French Connection - not quite a bargain
Posted on January 22, 2008 by Richard Beddard
Filed Under Companies |
French Connection’s price has fallen from 500p to 100p yet this iconic company is still no bargain. Are we FCUKing crazy?
It’s very easy to be carried away by optimistic sounding earnings forecasts. Projections of 123% earnings growth per year for three years originally attracted me to French Connection.
Reality is less enticing. French Connection’s price has fallen from around 500p to 100p and its profits have fallen even faster since 1995, so it ‘aint no growth story. And I’m not confident in the forecasts either because:
- The retail outlook is uncertain. To achieve the same level of profits as last year, says its chairman last November, requires “an improvement in the general retail environment in the UK over the next three months.” And remember, last years results weren’t very good.
- French Connection has lost the impetus it had with the FCUK brand. I think people tired of the shocking but amusing FCUK brand but the company has not found anything as compelling to replace it.
- Analyst’s forecasts are generally unreliable
Anyway, what was a growth story is now a potential recovery story. I’ll save the jokes and detail of French Connection’s rise and fall to a forthcoming iBall [Now live - Ed], provisionally entitled What the FCUK’s going on at French Connection?
Here I’ll dwell on the price, and whether it’s sufficiently low to attract bargain hunters.
French Connection’s recovery depends on shoppers spending more, and favouring French Connection again. Both are possible, even probable, for investors prepared to wait long enough.
But even if the brokers are right, big percentage gains on very low profits aren’t as significant as they sound. In 2007, French Connection reported headline earnings of less than 1p per share. After three years of growth at 123% a year French Connection would only be earning 10p, less than half its 2004 peak of 28p.

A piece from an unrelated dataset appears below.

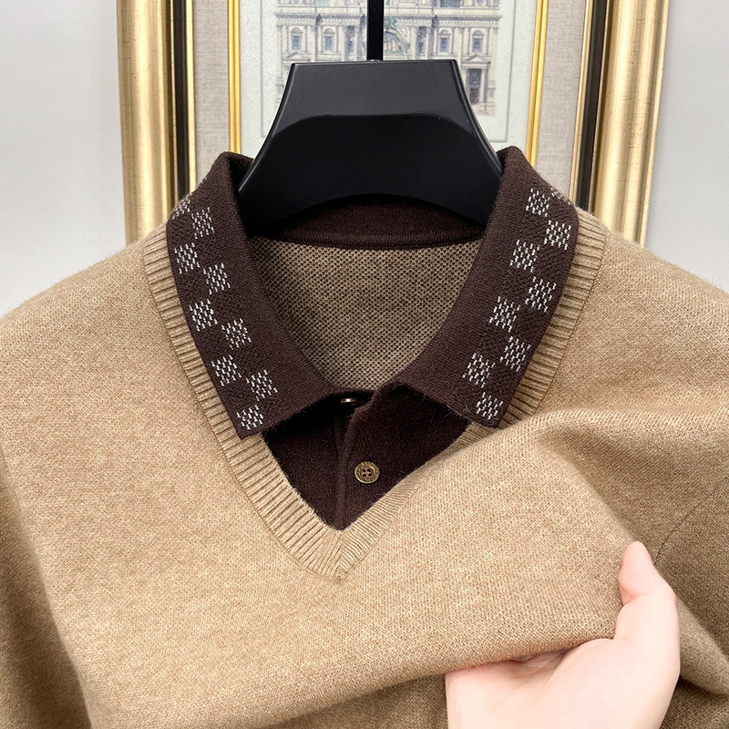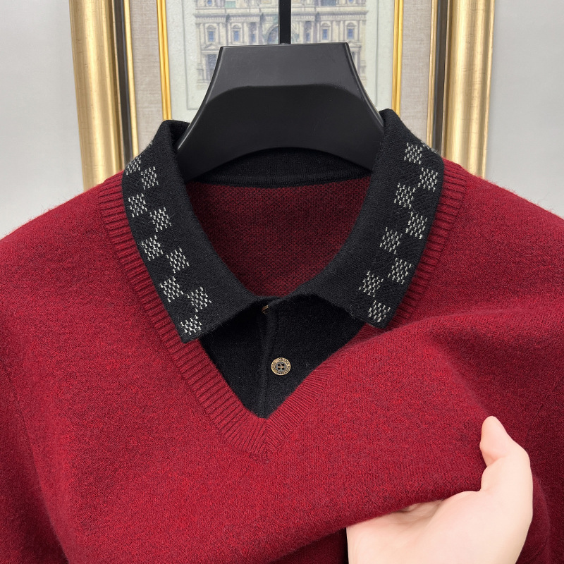 2024 весна и осень новый поддельный два сплошного цвета сшитый свитер рубашка воротник пуловер модная повседневная нижняя рубашка мужская одежда

When earnings are so variable the PE ratio, which compares the most recent year’s earnings to the share price, is useless (French Connection’s is 108), because one year’s earnings simply aren’t representative of the company’s earning power. Dividing the share price by the long-term earnings average is better. FCCN’s nine year PE is low. About eight.
But there are plenty of retailers on lower long term PEs. SCS Upholstery (sofas), the ‘cheapest‘, is on a long term PE of two. So is Woolworths. Alexon (a fashion retailer) is on three. Marchpole (fashion wholesale and retail) is on five. Debenhams (a department store) is on six. At the other end of the scale Next trades on a long term pe of 17, Marks and Spencer, 19, Moss Bross 22, Ted Baker 23 and ASOS, 688 (based on seven years of earnings)!*1
So despite the collapse of its share price from a high of near enough 500p to its current price of about 100p, French Connection still isn’t screaming, “buy me“.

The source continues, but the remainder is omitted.